Литмир - Электронная Библиотека

При их появлении Старик громко хмыкает.

Любимое слово радиодикторов – «непрерывные», «непрерывные успехи» в снабжении, победной статистике, воле к победе. Слово «не-пре-рыв-ны-е» всячески подчеркивается.

Эрлер усаживается напротив Старика и тут же предлагает ему выпить. Некоторое время тот вообще никак не реагирует на приглашение, затем склоняет голову набок, как будто собирается бриться, и четко произносит:

– Мы всегда можем хлебнуть как следует!

Я уже знаю, что за этим последует. В центре зала Эрлер демонстрирует свое умение открывать бутылку шампанского одним ударом тупой стороны лезвия ножа по горлышку, в том месте, где оно утолщается сверху.
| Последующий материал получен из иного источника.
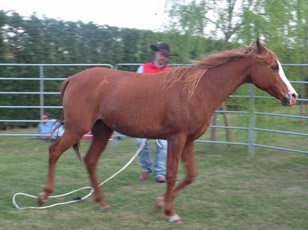 La prima cavalla era una morella di razza Morgana, quattro anni, con una ipersensibilità incredibile. Il suo atteggiamento faceva notare una spiccata paura per le persone dovuta ad una totale mancanza di fiducia nell’uomo. Il condizionamento al cibo nell’avvicinarsi all’uomo era più che evidente. La fuga sfrenata era la sua difesa ed il modo per ignorare qualsiasi pur minima richiesta.

Делает он это мастерски. Пробка вместе со стеклянным ободком отлетают прочь, не оставив на стекле ни трещинки, и шампанское выстреливает из бутылки, как пена из огнетушителя. Я тут же вспоминаю об учениях дрезденской пожарной команды. В ознаменование Дня пожарной безопасности, проводившегося по всему Рейху, перед оперным театром поставили стальную мачту со свастикой, сделанной из труб. Вокруг мачты сгрудились красные пожарные машины. Огромную площадь запрудила толпа зевак в ожидании зрелища. Громкоговоритель пролаял команду: «Подать пену!», и из четырех концов свастики выстрелила пена; она стала вращаться все быстрее и быстрее, превращаясь в ветряную мельницу, из крыльев которой вырывались белые струи. Толпа выдохнула: «А-а-а-а!» А пена постепенно сменила цвет на розовый, затем стала красной, потом фиолетовой, потом голубой, затем зеленой, а после – желтой. Толпа аплодировала, а по площади перед оперным театром расползалось болото едкой анилиновой слизи глубиной по колено…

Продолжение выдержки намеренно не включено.